(Source information begins)

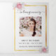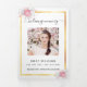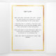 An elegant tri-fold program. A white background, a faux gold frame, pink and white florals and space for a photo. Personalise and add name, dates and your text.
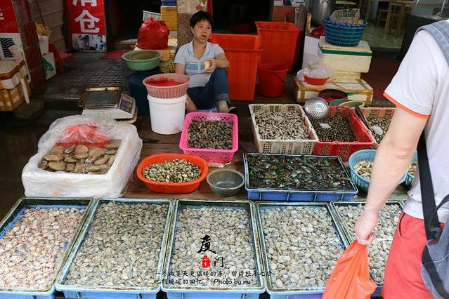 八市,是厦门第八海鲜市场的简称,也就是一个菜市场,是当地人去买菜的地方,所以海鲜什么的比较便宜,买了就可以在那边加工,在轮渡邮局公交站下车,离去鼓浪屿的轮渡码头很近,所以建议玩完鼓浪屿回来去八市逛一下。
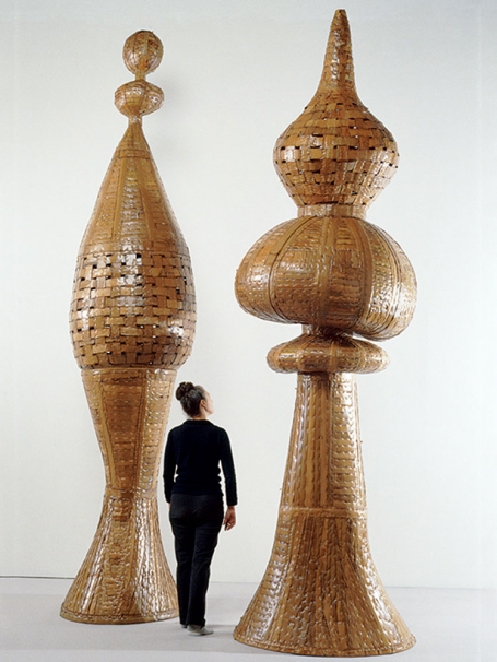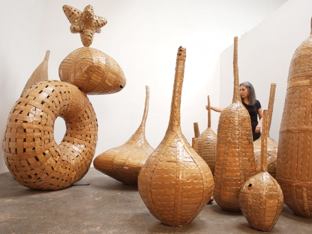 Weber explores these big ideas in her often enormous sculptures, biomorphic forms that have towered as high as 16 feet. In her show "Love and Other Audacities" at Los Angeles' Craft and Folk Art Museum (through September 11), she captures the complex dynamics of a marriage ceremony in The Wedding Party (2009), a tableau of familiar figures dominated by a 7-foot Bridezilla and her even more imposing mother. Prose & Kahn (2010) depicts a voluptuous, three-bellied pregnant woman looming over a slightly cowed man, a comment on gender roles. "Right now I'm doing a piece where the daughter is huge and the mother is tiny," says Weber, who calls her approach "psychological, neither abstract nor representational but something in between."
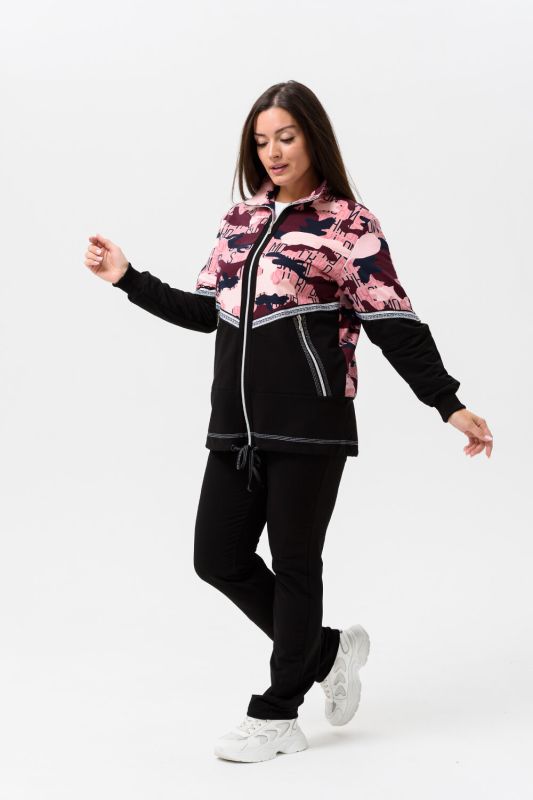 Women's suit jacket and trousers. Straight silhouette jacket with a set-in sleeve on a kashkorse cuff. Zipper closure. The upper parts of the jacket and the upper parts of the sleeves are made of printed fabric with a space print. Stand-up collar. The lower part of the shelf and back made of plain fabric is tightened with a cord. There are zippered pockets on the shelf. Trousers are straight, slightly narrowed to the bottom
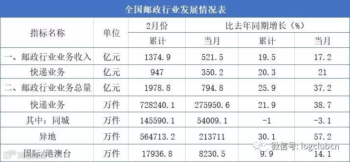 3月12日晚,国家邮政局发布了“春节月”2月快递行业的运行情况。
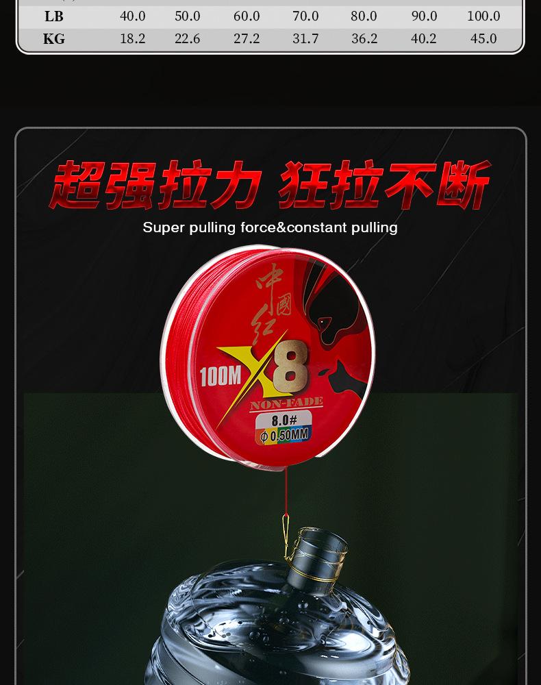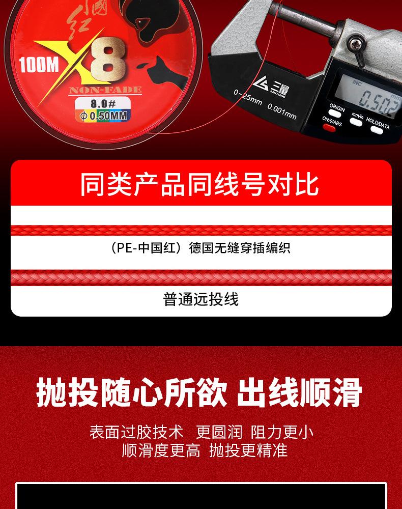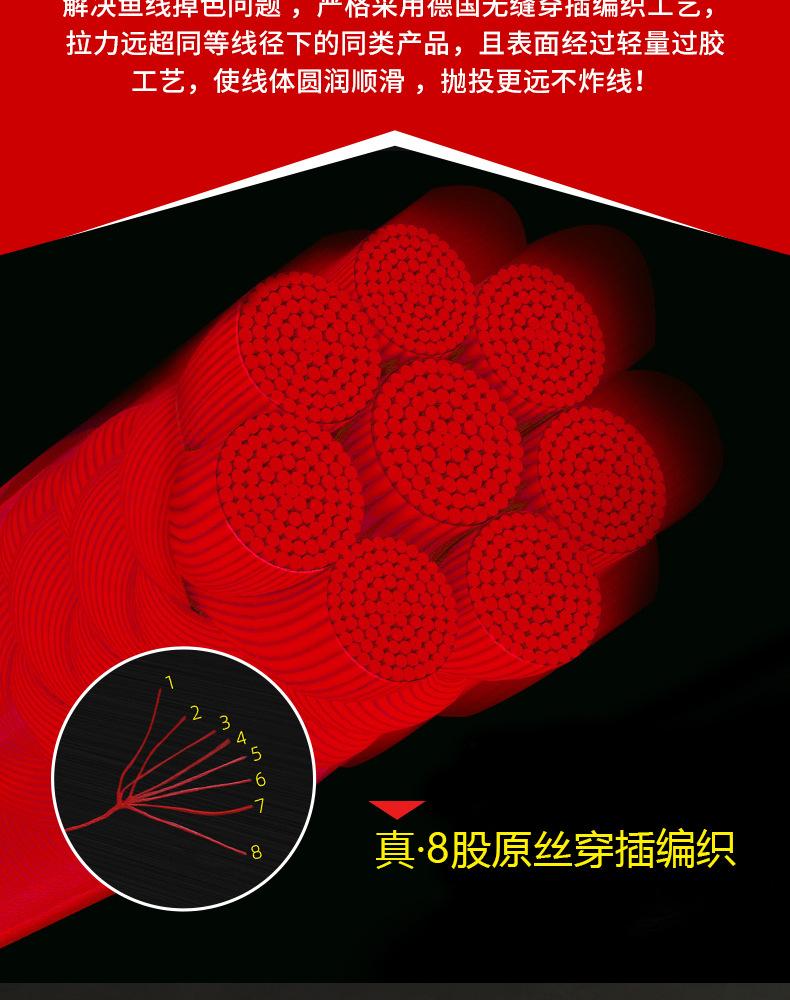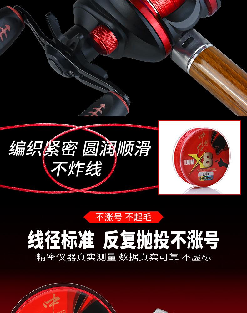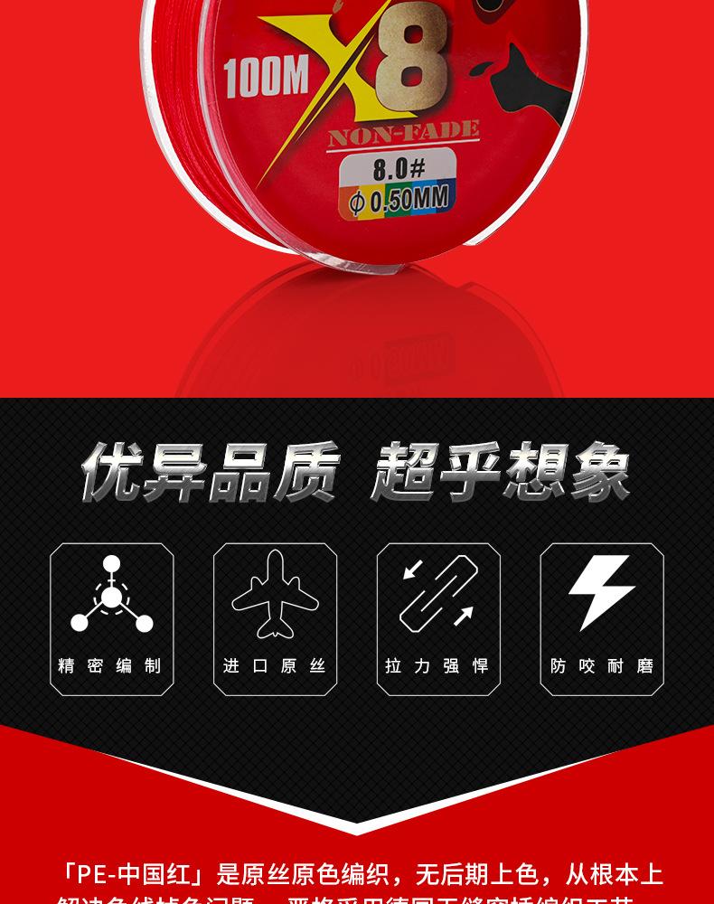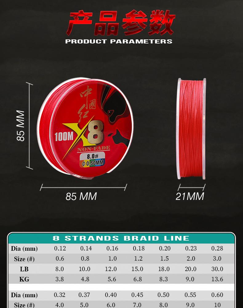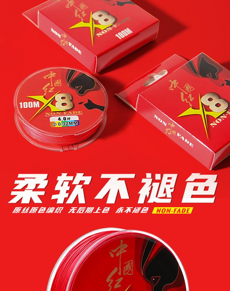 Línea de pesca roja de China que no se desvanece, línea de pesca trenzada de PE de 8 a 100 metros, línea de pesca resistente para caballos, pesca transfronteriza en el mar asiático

(Source information ends)
(Source information begins)

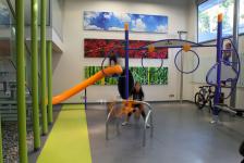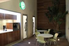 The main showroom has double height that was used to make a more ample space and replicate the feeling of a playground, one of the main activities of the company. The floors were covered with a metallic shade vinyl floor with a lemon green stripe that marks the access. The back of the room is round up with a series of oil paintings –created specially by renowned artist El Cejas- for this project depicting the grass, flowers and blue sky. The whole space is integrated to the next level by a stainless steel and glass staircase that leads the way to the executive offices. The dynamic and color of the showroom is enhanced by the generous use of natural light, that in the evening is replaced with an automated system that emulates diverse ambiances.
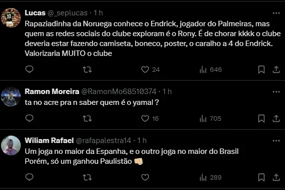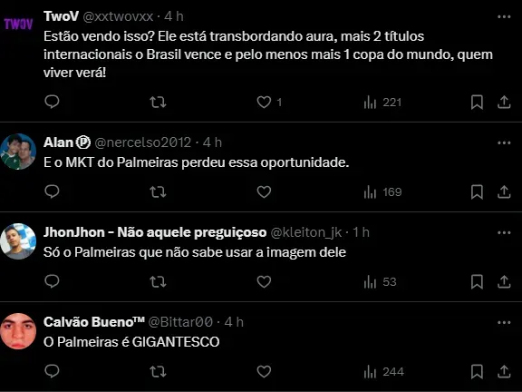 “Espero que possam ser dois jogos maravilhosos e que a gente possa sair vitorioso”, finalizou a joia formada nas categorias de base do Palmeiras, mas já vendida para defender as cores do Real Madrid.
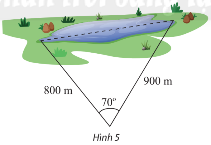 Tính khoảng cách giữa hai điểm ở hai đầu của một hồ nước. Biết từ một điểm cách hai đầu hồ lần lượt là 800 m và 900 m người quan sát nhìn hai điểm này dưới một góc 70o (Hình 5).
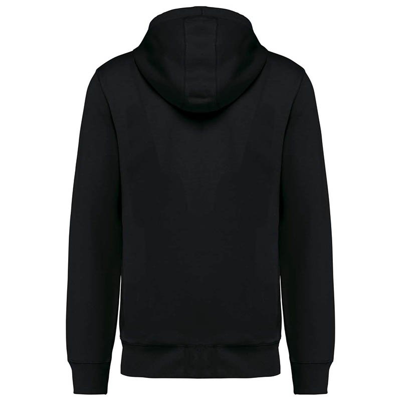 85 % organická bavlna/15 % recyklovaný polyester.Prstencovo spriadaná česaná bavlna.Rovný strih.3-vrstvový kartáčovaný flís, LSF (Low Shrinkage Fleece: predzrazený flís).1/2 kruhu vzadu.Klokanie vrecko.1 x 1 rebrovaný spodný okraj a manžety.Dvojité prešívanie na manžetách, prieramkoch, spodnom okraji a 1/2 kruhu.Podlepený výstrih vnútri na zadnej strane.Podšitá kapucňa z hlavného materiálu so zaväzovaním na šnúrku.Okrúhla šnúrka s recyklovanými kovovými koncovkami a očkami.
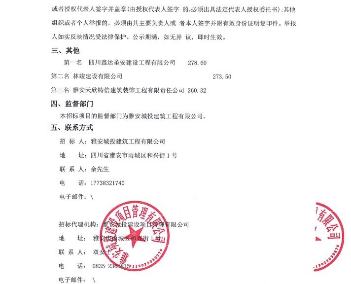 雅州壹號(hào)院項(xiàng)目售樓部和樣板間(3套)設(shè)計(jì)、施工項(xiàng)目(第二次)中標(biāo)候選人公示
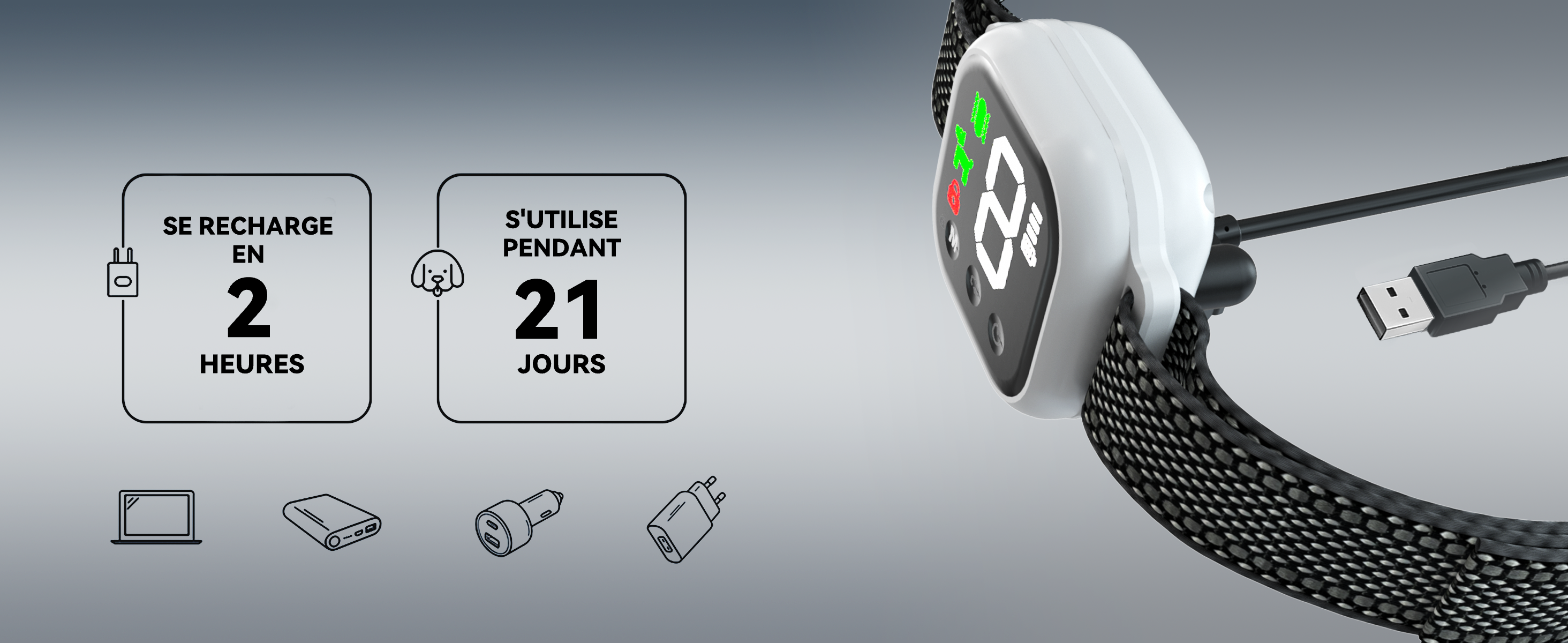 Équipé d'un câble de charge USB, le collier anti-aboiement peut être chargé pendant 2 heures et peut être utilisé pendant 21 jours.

(Source information ends)

Which part of the entries opens with the line containing "An elegant tri-fold" and closes with the line containing "八市,是厦门第八海鲜市场的简"? Output that part exactly, ends included, pictures excluded.

 An elegant tri-fold program. A white background, a faux gold frame, pink and white florals and space for a photo. Personalise and add name, dates and your text.
 八市,是厦门第八海鲜市场的简称,也就是一个菜市场,是当地人去买菜的地方,所以海鲜什么的比较便宜,买了就可以在那边加工,在轮渡邮局公交站下车,离去鼓浪屿的轮渡码头很近,所以建议玩完鼓浪屿回来去八市逛一下。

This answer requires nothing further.